> **RECORD EXCERPTS**
• • • •
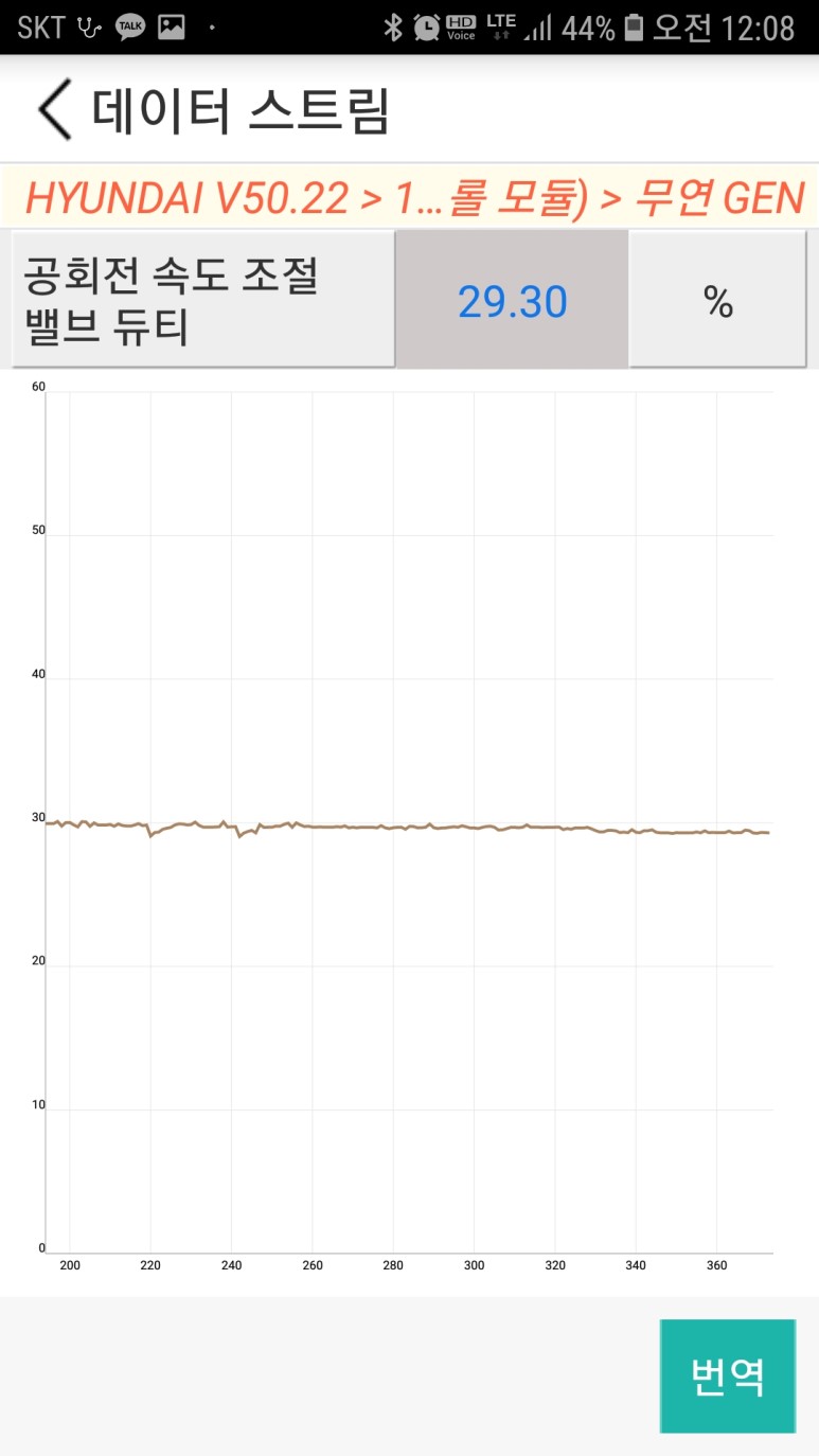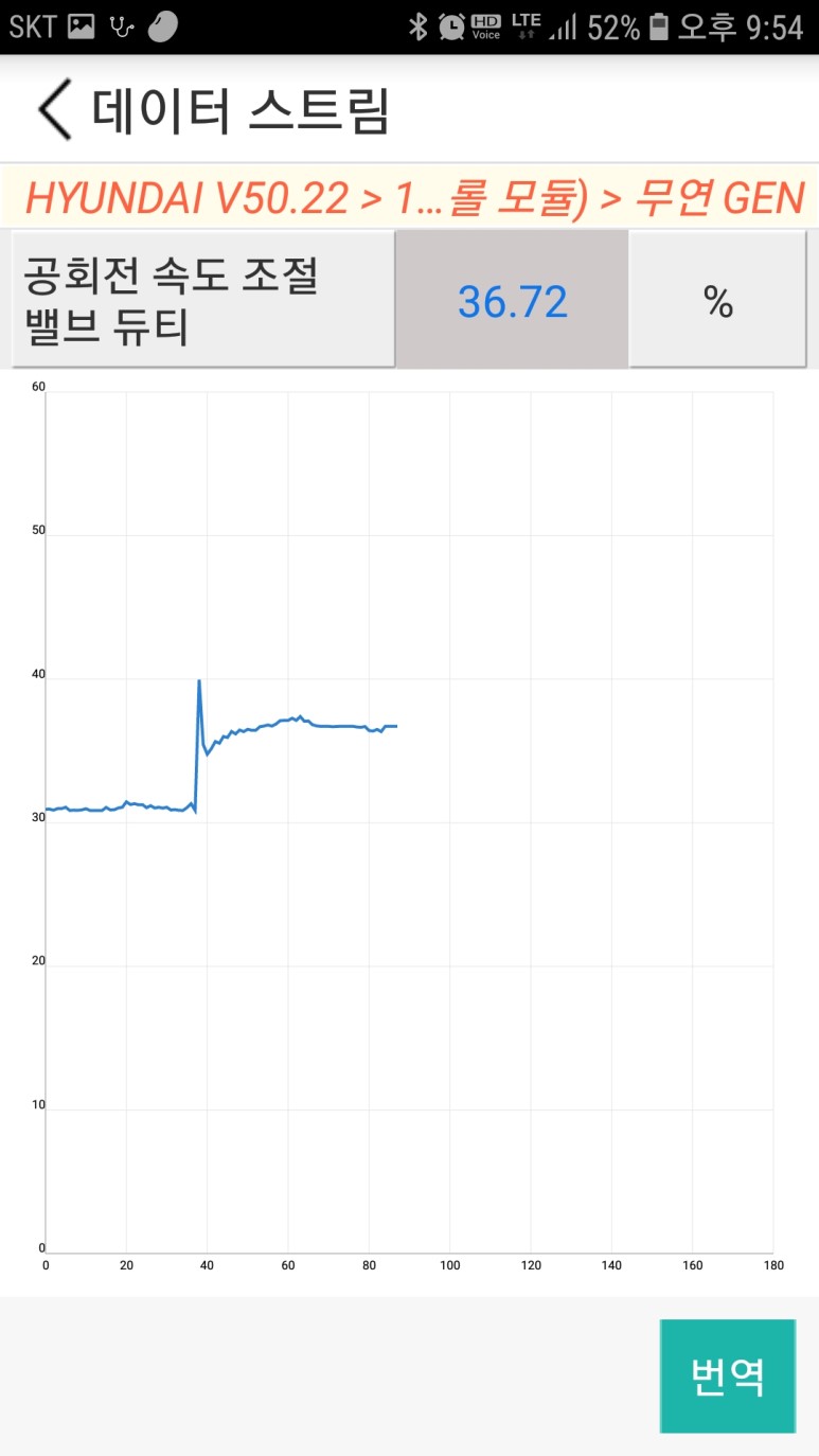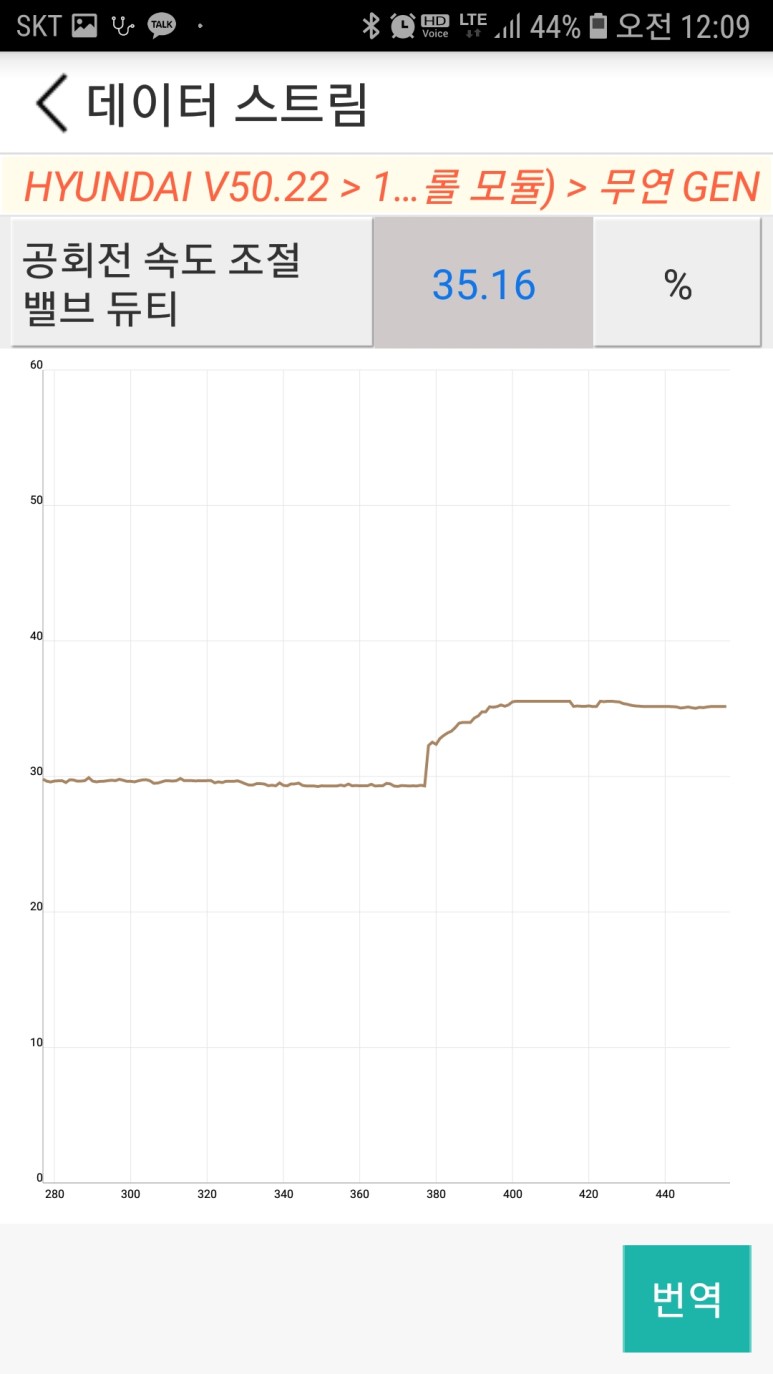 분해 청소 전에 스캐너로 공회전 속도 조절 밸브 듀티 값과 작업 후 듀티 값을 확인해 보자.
• • • •
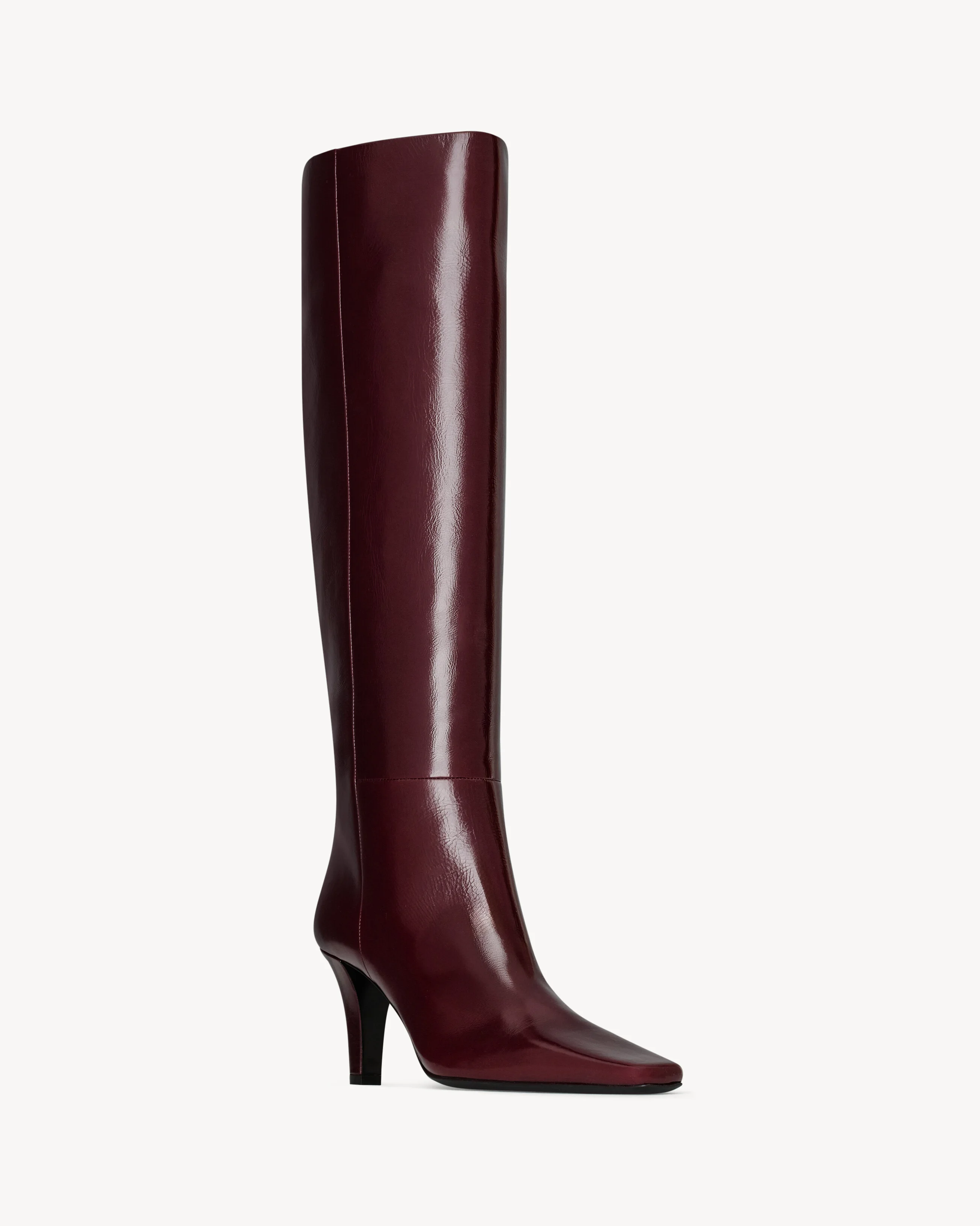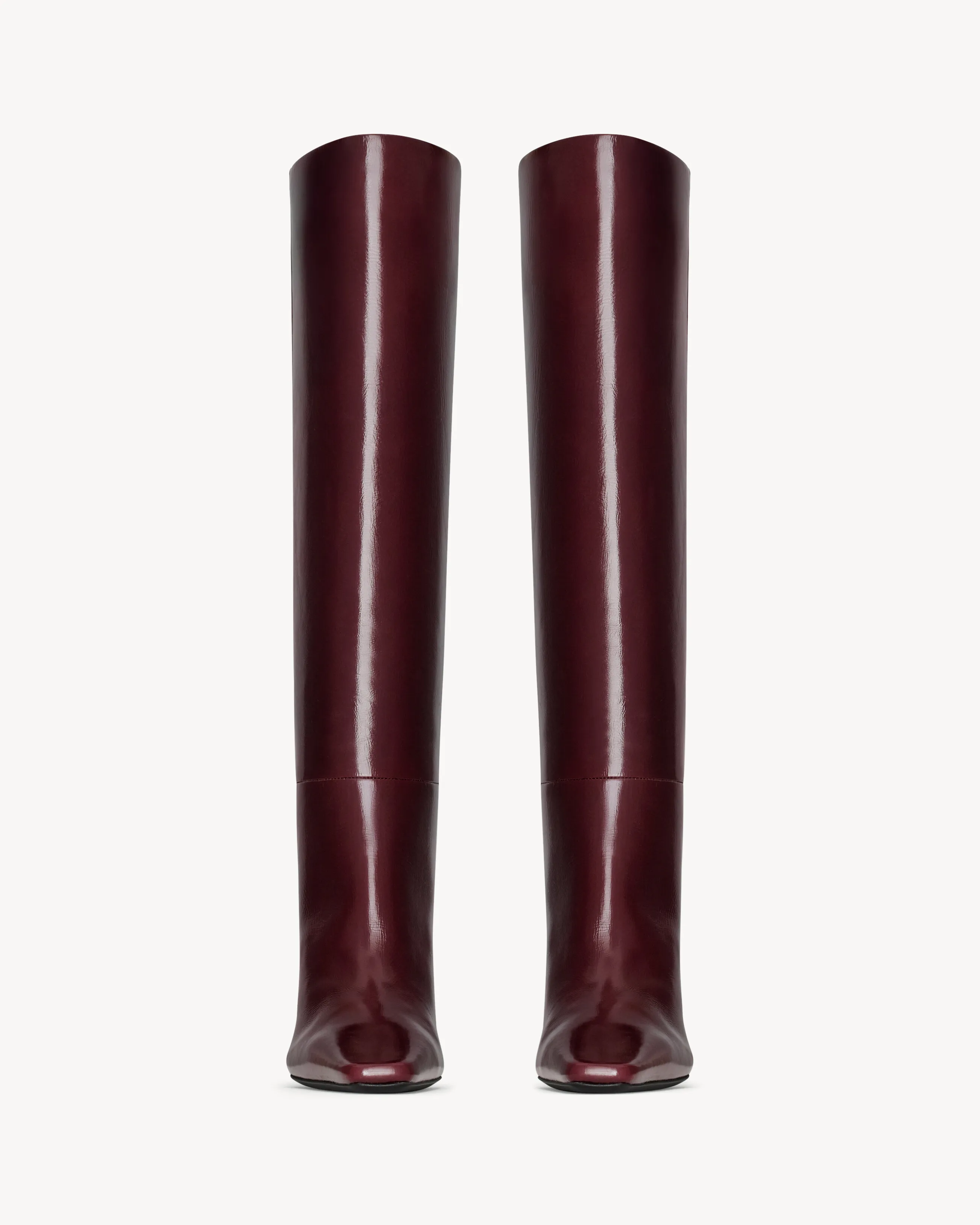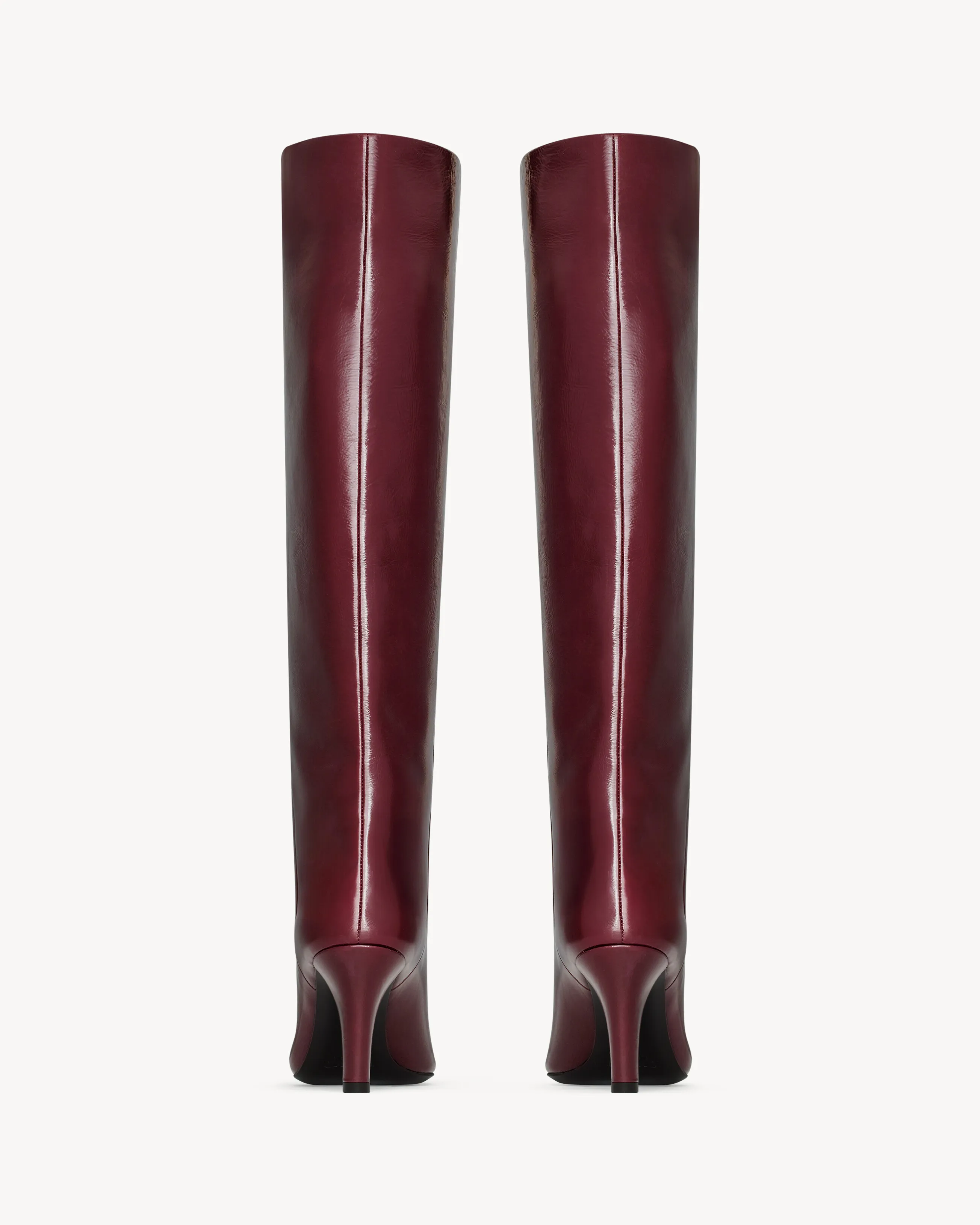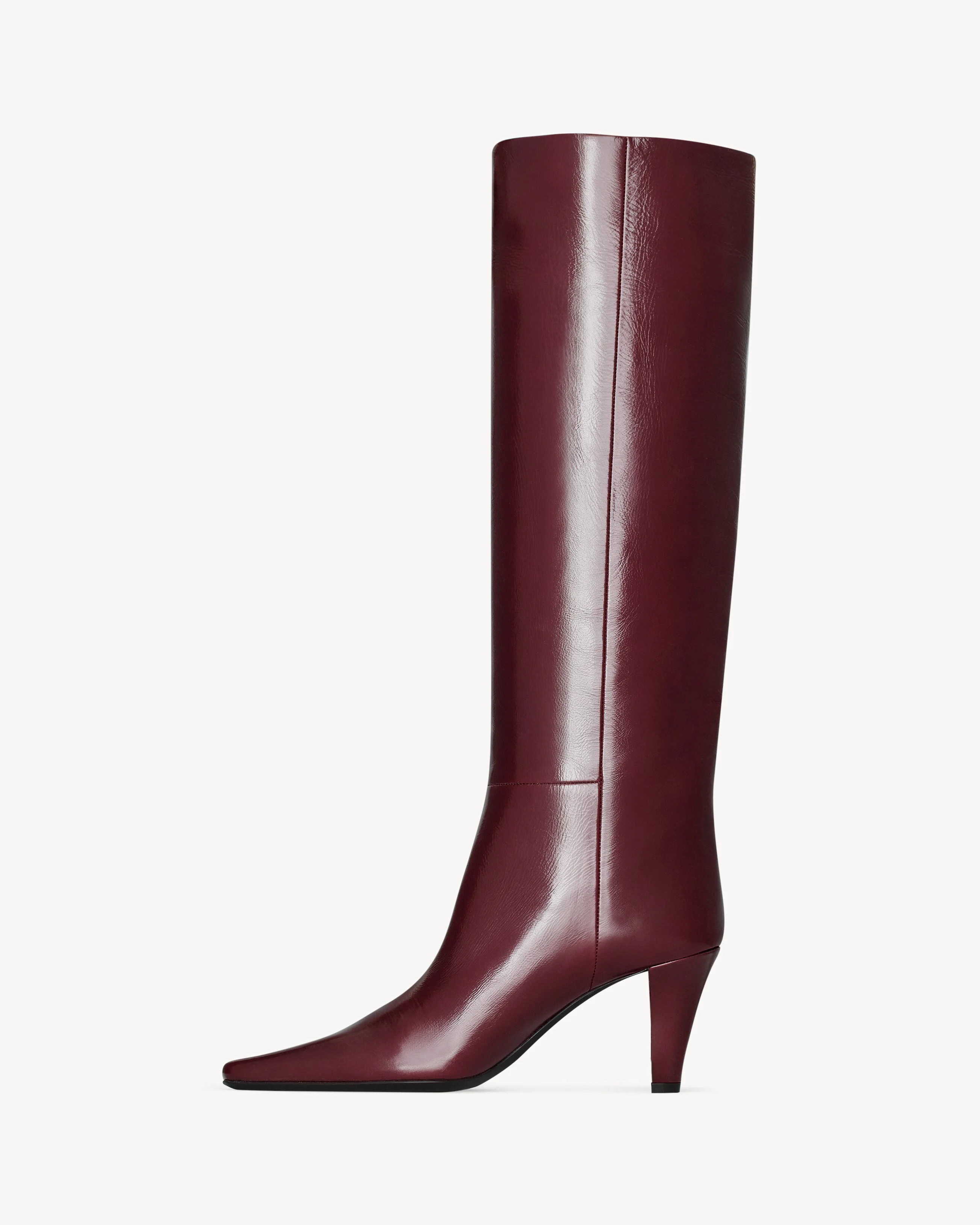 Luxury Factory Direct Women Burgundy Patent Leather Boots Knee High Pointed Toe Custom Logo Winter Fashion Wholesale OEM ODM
• • • •
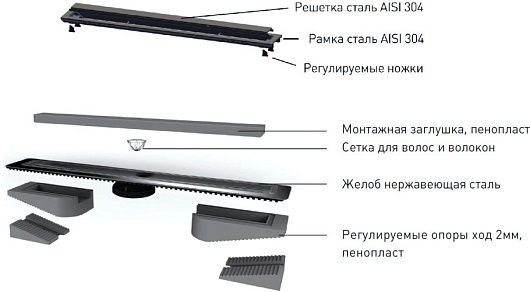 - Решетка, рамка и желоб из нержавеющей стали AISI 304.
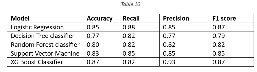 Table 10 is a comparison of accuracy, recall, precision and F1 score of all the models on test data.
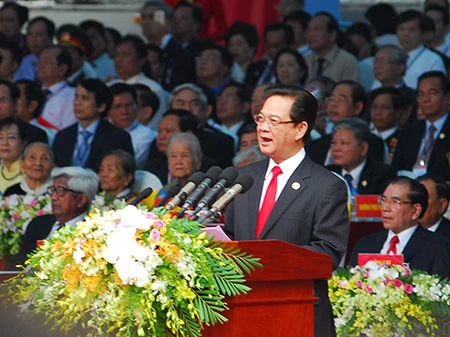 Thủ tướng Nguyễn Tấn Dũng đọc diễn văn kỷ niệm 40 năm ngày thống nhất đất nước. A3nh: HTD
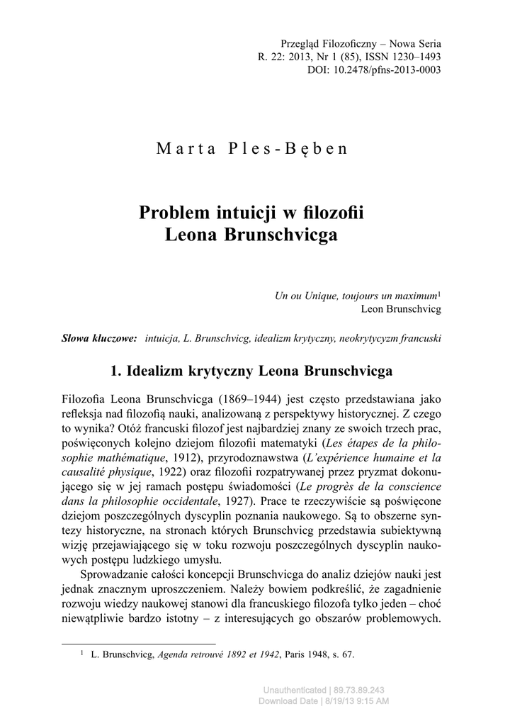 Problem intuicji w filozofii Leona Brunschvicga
• • • •
Using the entries above, write out exactly the lines from the one with "Table 10 is" through the one with "Problem intuicji w", ends included. Leave out any pictures.

 Table 10 is a comparison of accuracy, recall, precision and F1 score of all the models on test data.
 Thủ tướng Nguyễn Tấn Dũng đọc diễn văn kỷ niệm 40 năm ngày thống nhất đất nước. A3nh: HTD
 Problem intuicji w filozofii Leona Brunschvicga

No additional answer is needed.